As a school resource officer, he helps teens navigate the gray areas, but he also draws a bright line.
In July, Mills will hear his name called for another reason: He will be honored by the national School Safety Advocacy Council for his efforts to address bullying, for his professionalism and for related roles, according to Curt Lavarello, the council's executive director.
The School Resource Unit, which includes officers in 20 middle and high schools, will see its operation hailed as a model for other agencies. The awards will bring the unit two of the 15 SSAC honors this year, on top of one last year from the National Association of School Resource Officers.

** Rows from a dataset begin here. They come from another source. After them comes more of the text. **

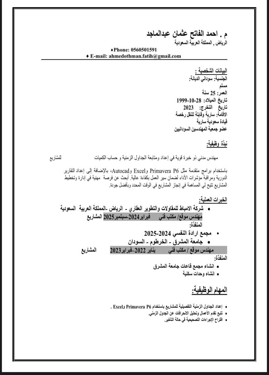 مهندس مدني سوداني مقيم في الرياض، خبرة أكثر من 3 سنوات في الاشراف الموقعي، مراقبة الجودة، أعمال المكتب الفني، حساب الكميات واعداد Shop Drawings للمشاريع الانشائية داخل السودان والسعودية. حاصل على بكالوريوس هندسة مدنية من جامعة الخرطوم، وأتقن استخدام AutoCAD وPrimavera وMicrosoft Office. اقامة قابلة للتحويل، رخصة قيادة، وجاهز للعمل فورا. واتساب فقط البريد الألكتروني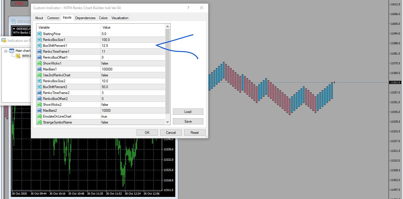 Hi, the version you posted works ok on mt4, just need to adjust the percentage from default 100% to your choice eg 12.5%.LadyAmira wrote: Fri Oct 30, 2020 7:10 am Hi folks, can anybody tell me if there is a new version which functions with actual MT4s? Or can anybody change the code that it works? With that version I don't get shifted Renko charts. Thank you!![]()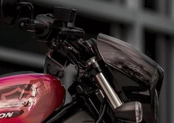 Si notano anche un piccolo cupolino attorno al faro rotondo, il manubrio moderatamente rialzato e i retrovisori bar-end.

"We set out to be the best in the country," said Lt. J.D. Batten Jr., who commands the unit, crediting his officers' work and departmental support. Their approach involves parents, schools' staffs and other services, and helps information flow.
A conference on cyberbullying led Mills to go with this system for complaints: "We print everything out right here in front of the parents," Mills said. He speaks to all involved and their parents, tells them that threatening a person on school grounds is illegal, seeks the root of the dispute and works on getting it resolved or keeping the students apart. He now teaches other police this method.

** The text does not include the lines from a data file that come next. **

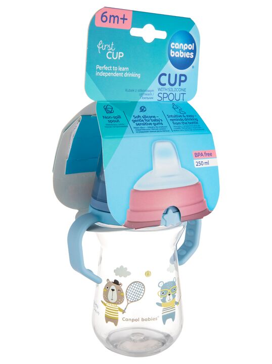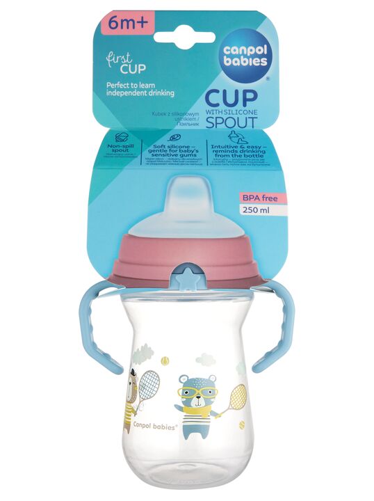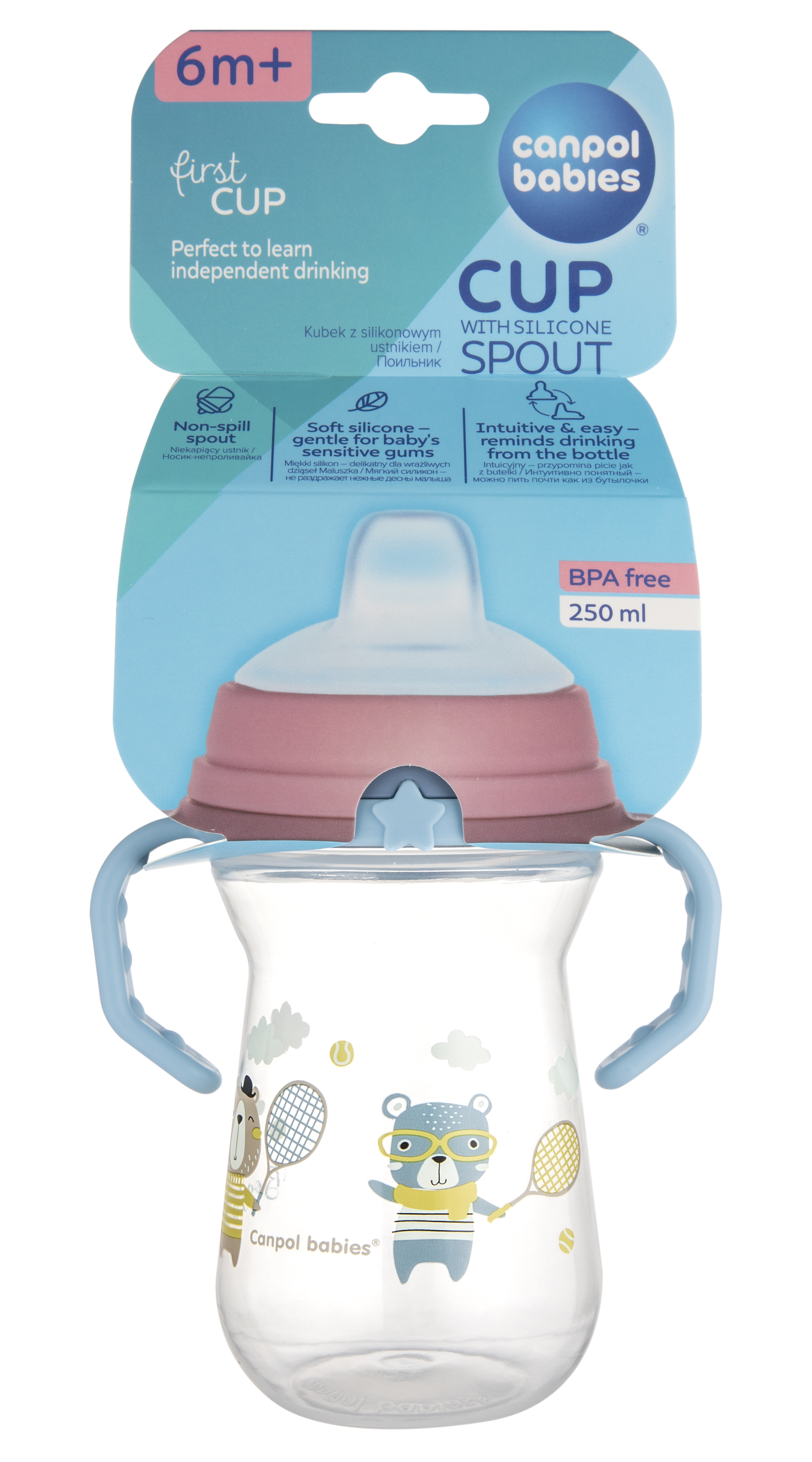 Новый поильник-непроливайка Canpol babies FirstCup BONJOUR PARIS с мягким ночиком оказывает поддержку в правильном развитии полости рта, речи и прикуса у 99% детей*. Идеально подходит для детей, которые начинают учиться пить самостоятельно. Подходит для детей от 6 месяцев! Он оснащен удобными ручками, которые помогают ребенку держатьпоильник. Широкая горловина облегчает мытье и налив жидкости. Мягкий силиконовый носик не раздражает нежные десны ребенка. Сняв ручки, вы можете легко превратить поильник в бутылочку с водой для детей старшего возраста. Плотная крышка защищает носик от грязи.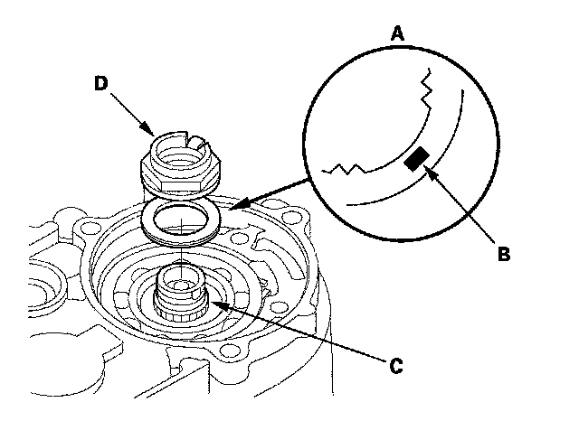 39. Install the new lock washer (A) with the marked side (B) up over the mainshaft (C), and apply the surfaces of the lock washer and old locknut (D) with ATF.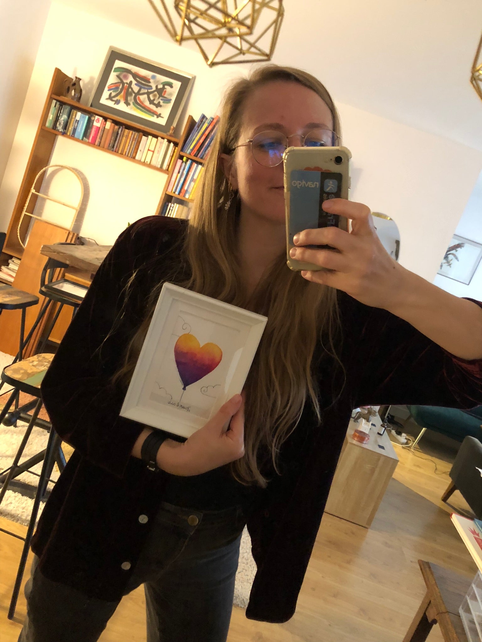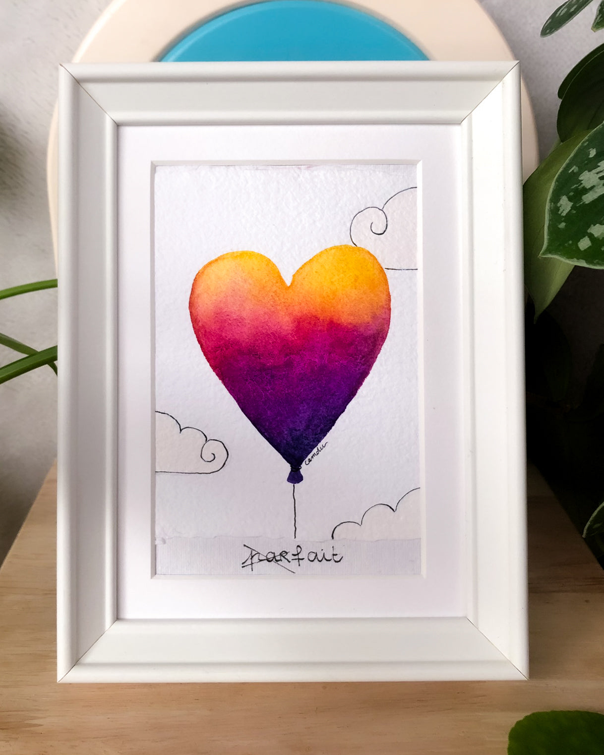 L'œuvre originale "Par-fait" est vendue dans un cadre simple, prête à poser ou à accrocher. Elle est accompagnée d'un certificat d'authenticité rédigé à la main et signé.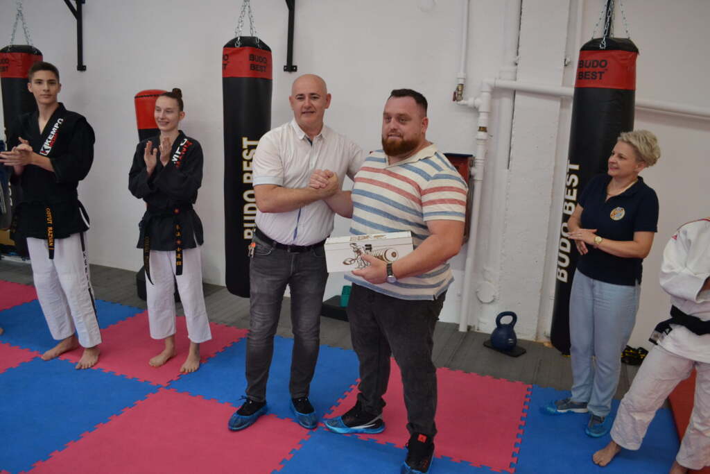 Romeo Tulkos, președintele clubului, i-a oferit un cadou lui Florin Ionuț Lupaș, care în ziua inaugurării și-a serbat ziua de naștere. Multiplu campion, medaliat la competiții naționale și internaționale, Lupaș va coordona a patra secție a CS King Do Lions, cea de powerlifting.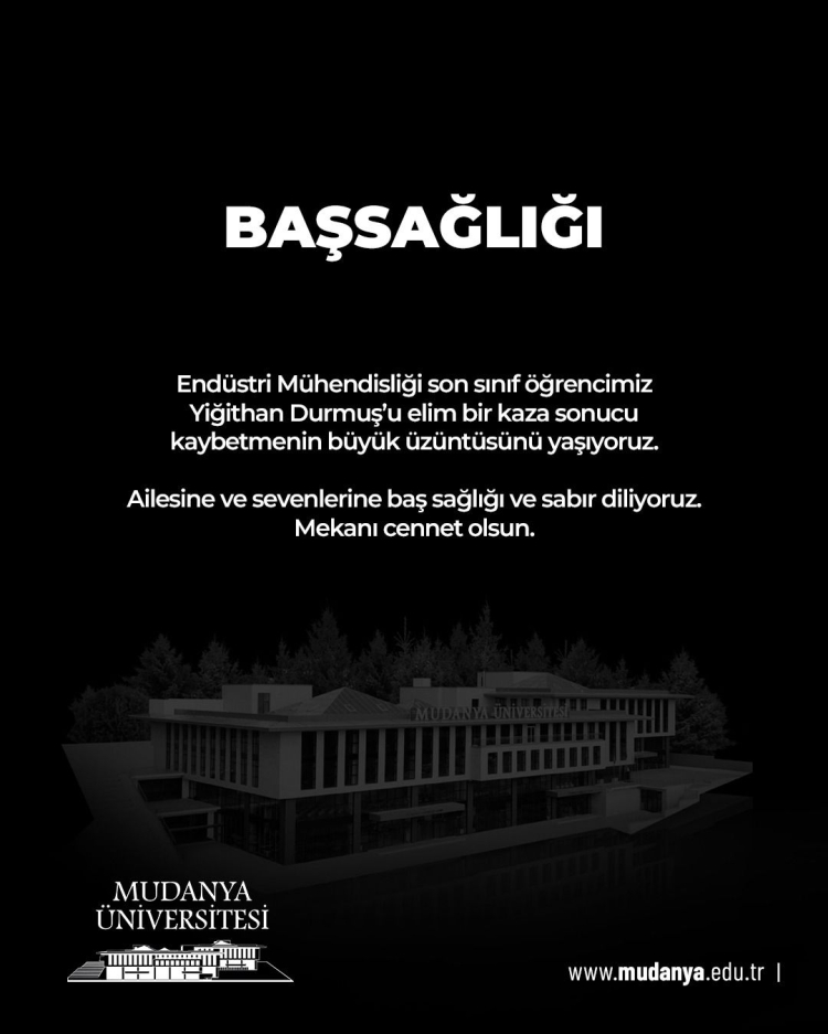 Bursa’da eğitim veren Mudanya Üniversitesi, Endüstri Mühendisliği son sınıf öğrencisi Yiğithan Durmuş’un elim bir kaza sonucu hayatını kaybettiğini duyurdu.

The job includes keeping up with students' cyber-universe and taking the initiative. The unit is helping write the school system's anti-gang curriculum that will be rolled out this fall. After the gang-related killing of a 14-year-old last year in Crofton, its members asked state legislators for a law — passed this spring — allowing police and schools to share information about troubled youths and brewing problems.

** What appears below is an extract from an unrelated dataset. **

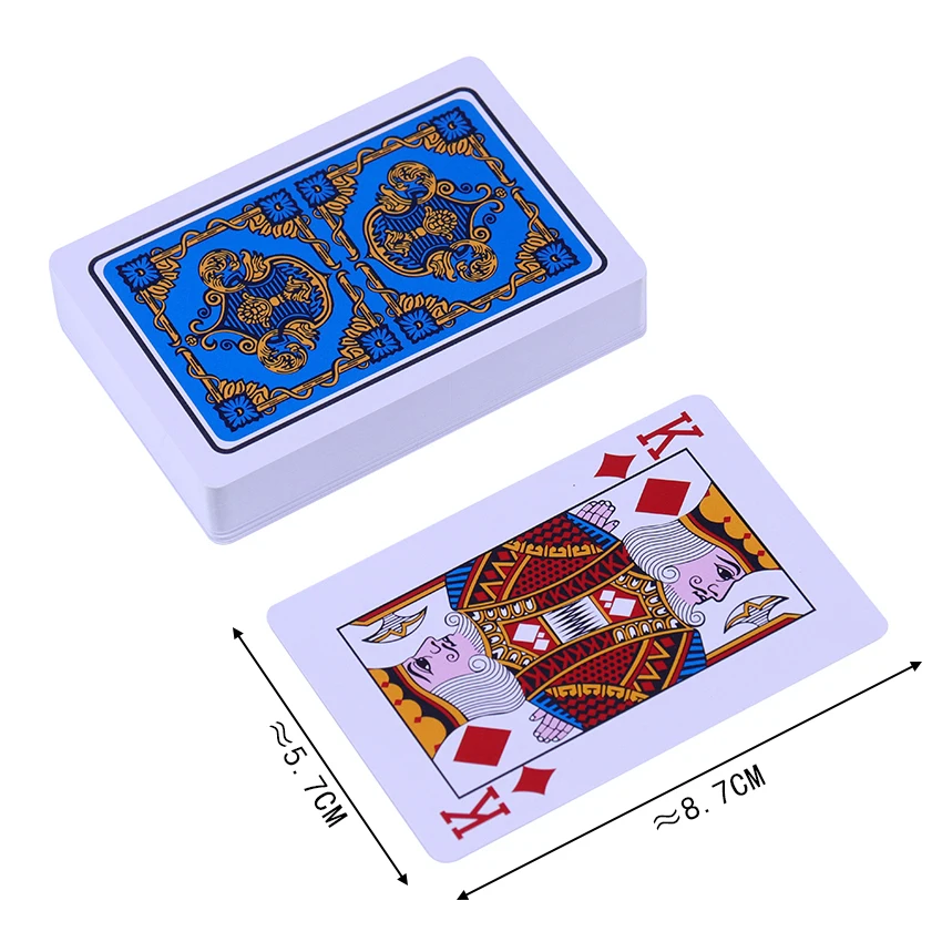 Тип: нормальный Уровень сложности игры: первичный Максимальное количество игроков: неограниченное количество Продолжительность игры: 0-30 минут Цвет: черный, красный, синий. Материал: ПВХ Количество: 54 листа Размеры: около 5,7*8,7 см Посылка: игральные карты-1 шт.

Since 2007, when the unit was centralized, school assaults and fights are down. The officers become embedded in school life, says Batten. Mills is Meade's lacrosse coach (this year, the team won its first playoff game in 24 years), engages fans at school basketball games in halftime fun and encourages students to talk privately about personal issues.
Some talk about violence at home, information that Mills funnels to other officers to investigate, and problems in the community, which Mills shares with officers who work in those neighborhoods.
His office is a jumble of Shrek characters, police material and lacrosse gloves. It also holds a framed newspaper article about two youths, one of whom he knew well, who died in car wreck.
"A lot of kids come and talk to me about college," he said. He opened his wallet for a teen, an International Baccalaureate student who plays lacrosse, to visit a Division I college in Pennsylvania. "If we work hard enough, he'll probably go to college for free."
For a student who was in danger of not graduating because he did not finish a final, Mills asked administrators to allow him to complete the test, on which he got a B, and was able to graduate, said Daryl Kennedy, Meade's principal.
"The kids know that he cares," Kennedy said.
Mills' first round as a school resource officer was from 2000 to 2003 at Meade Middle School. A few years as a detective made him realize that he missed trying to improve teens' lives. In 2008, Batten filled Kennedy's request for a caring officer who could hold his own at the school.
One night this year, when a Meade student was a suspect in a stabbing, other students urged investigating officers to rouse Mills. He then met police at the youth's home.
"I wanted to make it easier. As soon as I walked in, he said, 'Hey, Corporal Mills,' and he put his head down," Mills recalled.
Students can be sent to him by school officials for causing trouble. Some respond to Mills, some don't. Some former students in locked juvenile facilities stay in touch with him, including one who wrote a letter saying "the little you done for me was still more than what my father did for me," wishing he'd talked more with Mills and another officer, and begging to move in with Mills if released.
"There is a fundamental, formal accountability that he brings. He is the counselor. He is the guide. He is the mentor. But there is a line," Batten said. "If you went to any other school in the county, you would hear similar stories."